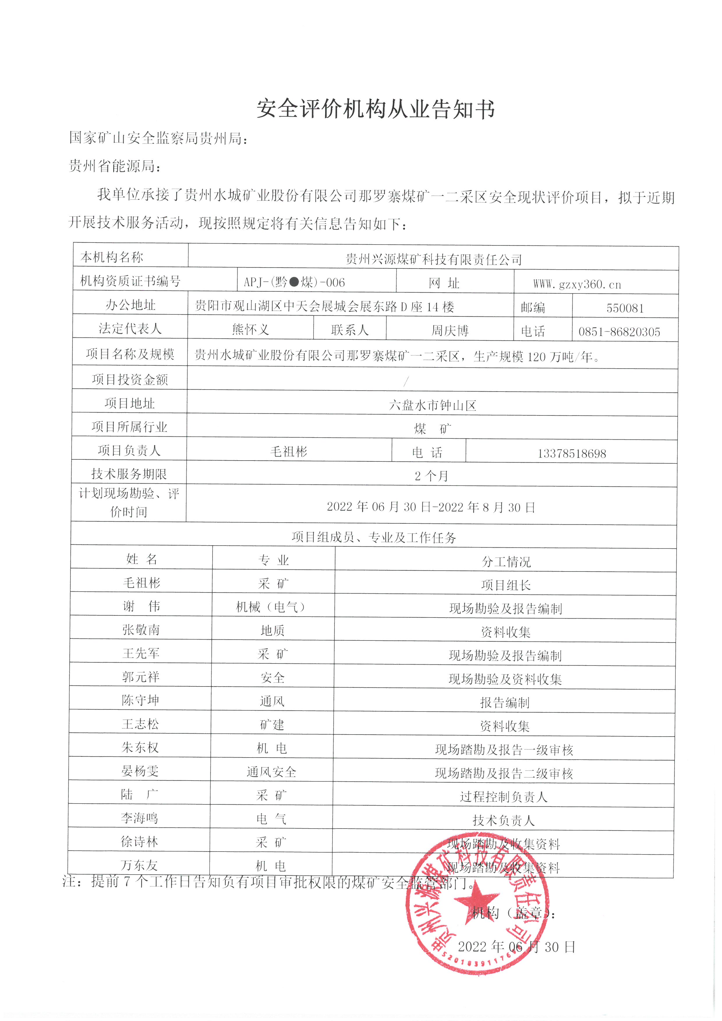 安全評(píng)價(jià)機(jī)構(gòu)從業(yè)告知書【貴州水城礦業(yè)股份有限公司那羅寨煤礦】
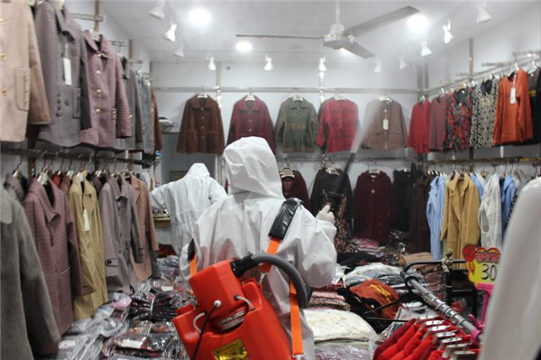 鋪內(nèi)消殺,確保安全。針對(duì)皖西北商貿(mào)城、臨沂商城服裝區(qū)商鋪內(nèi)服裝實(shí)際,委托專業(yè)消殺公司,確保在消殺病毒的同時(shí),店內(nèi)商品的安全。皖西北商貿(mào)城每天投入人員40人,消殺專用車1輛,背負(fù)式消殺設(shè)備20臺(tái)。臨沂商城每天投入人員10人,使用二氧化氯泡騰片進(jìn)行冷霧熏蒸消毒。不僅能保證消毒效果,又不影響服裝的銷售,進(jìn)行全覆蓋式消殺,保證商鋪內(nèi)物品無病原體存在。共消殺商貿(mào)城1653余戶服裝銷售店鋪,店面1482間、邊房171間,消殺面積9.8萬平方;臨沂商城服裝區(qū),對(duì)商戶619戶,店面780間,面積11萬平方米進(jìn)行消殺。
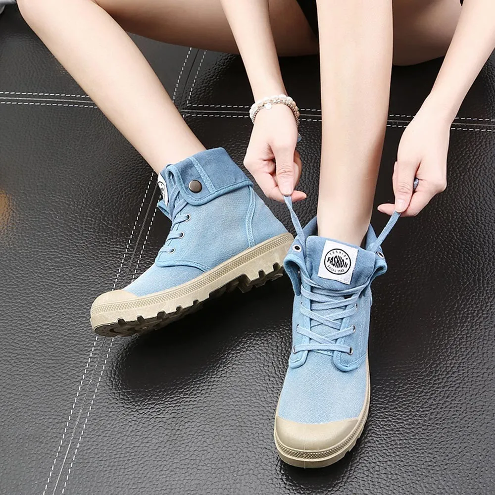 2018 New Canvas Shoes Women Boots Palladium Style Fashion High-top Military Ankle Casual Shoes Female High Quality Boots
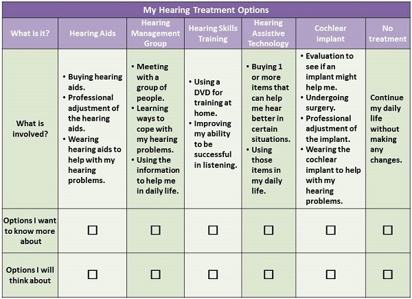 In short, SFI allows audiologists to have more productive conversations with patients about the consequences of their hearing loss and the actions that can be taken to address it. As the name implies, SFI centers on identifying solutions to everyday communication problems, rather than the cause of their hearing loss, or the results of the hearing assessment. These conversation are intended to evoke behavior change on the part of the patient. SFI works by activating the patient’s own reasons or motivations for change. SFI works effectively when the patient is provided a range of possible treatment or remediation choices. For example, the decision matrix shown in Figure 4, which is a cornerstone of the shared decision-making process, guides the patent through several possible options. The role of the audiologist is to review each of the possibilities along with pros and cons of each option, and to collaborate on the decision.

Problem description: Drop the pictures; repeat the listing above exactly.

Expected answer:
 安全評(píng)價(jià)機(jī)構(gòu)從業(yè)告知書【貴州水城礦業(yè)股份有限公司那羅寨煤礦】
 鋪內(nèi)消殺,確保安全。針對(duì)皖西北商貿(mào)城、臨沂商城服裝區(qū)商鋪內(nèi)服裝實(shí)際,委托專業(yè)消殺公司,確保在消殺病毒的同時(shí),店內(nèi)商品的安全。皖西北商貿(mào)城每天投入人員40人,消殺專用車1輛,背負(fù)式消殺設(shè)備20臺(tái)。臨沂商城每天投入人員10人,使用二氧化氯泡騰片進(jìn)行冷霧熏蒸消毒。不僅能保證消毒效果,又不影響服裝的銷售,進(jìn)行全覆蓋式消殺,保證商鋪內(nèi)物品無病原體存在。共消殺商貿(mào)城1653余戶服裝銷售店鋪,店面1482間、邊房171間,消殺面積9.8萬平方;臨沂商城服裝區(qū),對(duì)商戶619戶,店面780間,面積11萬平方米進(jìn)行消殺。
 2018 New Canvas Shoes Women Boots Palladium Style Fashion High-top Military Ankle Casual Shoes Female High Quality Boots
 In short, SFI allows audiologists to have more productive conversations with patients about the consequences of their hearing loss and the actions that can be taken to address it. As the name implies, SFI centers on identifying solutions to everyday communication problems, rather than the cause of their hearing loss, or the results of the hearing assessment. These conversation are intended to evoke behavior change on the part of the patient. SFI works by activating the patient’s own reasons or motivations for change. SFI works effectively when the patient is provided a range of possible treatment or remediation choices. For example, the decision matrix shown in Figure 4, which is a cornerstone of the shared decision-making process, guides the patent through several possible options. The role of the audiologist is to review each of the possibilities along with pros and cons of each option, and to collaborate on the decision.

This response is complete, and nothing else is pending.